Starting at the line with "Laura Asadauskaite (LTU)", retype every line through the end of the listing exactly as written, and nothing before it.

| SUPPLIED MATERIAL |
● ● ● ● ● ● ●

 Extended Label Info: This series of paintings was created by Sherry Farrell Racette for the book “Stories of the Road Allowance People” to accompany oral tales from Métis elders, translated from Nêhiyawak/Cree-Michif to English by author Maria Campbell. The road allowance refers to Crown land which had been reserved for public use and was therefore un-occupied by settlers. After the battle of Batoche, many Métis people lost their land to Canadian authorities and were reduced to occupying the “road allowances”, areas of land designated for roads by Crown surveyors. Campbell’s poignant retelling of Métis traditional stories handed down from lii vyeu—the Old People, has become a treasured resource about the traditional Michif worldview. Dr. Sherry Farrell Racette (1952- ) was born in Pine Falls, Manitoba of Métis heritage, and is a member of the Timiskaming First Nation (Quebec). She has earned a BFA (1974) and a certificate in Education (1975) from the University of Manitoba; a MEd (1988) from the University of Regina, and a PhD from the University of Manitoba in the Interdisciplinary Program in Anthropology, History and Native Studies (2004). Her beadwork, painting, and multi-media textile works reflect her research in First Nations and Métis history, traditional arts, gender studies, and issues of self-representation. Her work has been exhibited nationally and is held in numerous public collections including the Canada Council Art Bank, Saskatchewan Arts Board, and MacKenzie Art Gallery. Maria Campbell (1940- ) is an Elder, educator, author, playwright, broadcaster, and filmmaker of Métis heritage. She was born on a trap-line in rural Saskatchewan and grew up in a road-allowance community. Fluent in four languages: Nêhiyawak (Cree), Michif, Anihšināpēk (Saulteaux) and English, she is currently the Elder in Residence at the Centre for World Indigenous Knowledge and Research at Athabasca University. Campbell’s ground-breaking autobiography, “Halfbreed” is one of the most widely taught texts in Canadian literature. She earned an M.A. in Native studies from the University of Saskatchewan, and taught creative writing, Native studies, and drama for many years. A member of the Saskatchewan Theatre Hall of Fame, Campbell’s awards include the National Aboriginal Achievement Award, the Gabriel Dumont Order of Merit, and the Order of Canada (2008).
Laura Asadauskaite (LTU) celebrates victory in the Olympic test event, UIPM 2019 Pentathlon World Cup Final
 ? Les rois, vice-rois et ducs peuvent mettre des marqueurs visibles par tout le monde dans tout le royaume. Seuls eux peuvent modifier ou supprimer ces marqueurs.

● ● ● ● ● ● ●

| WRITTEN SOLUTION |
Laura Asadauskaite (LTU) celebrates victory in the Olympic test event, UIPM 2019 Pentathlon World Cup Final
 ? Les rois, vice-rois et ducs peuvent mettre des marqueurs visibles par tout le monde dans tout le royaume. Seuls eux peuvent modifier ou supprimer ces marqueurs.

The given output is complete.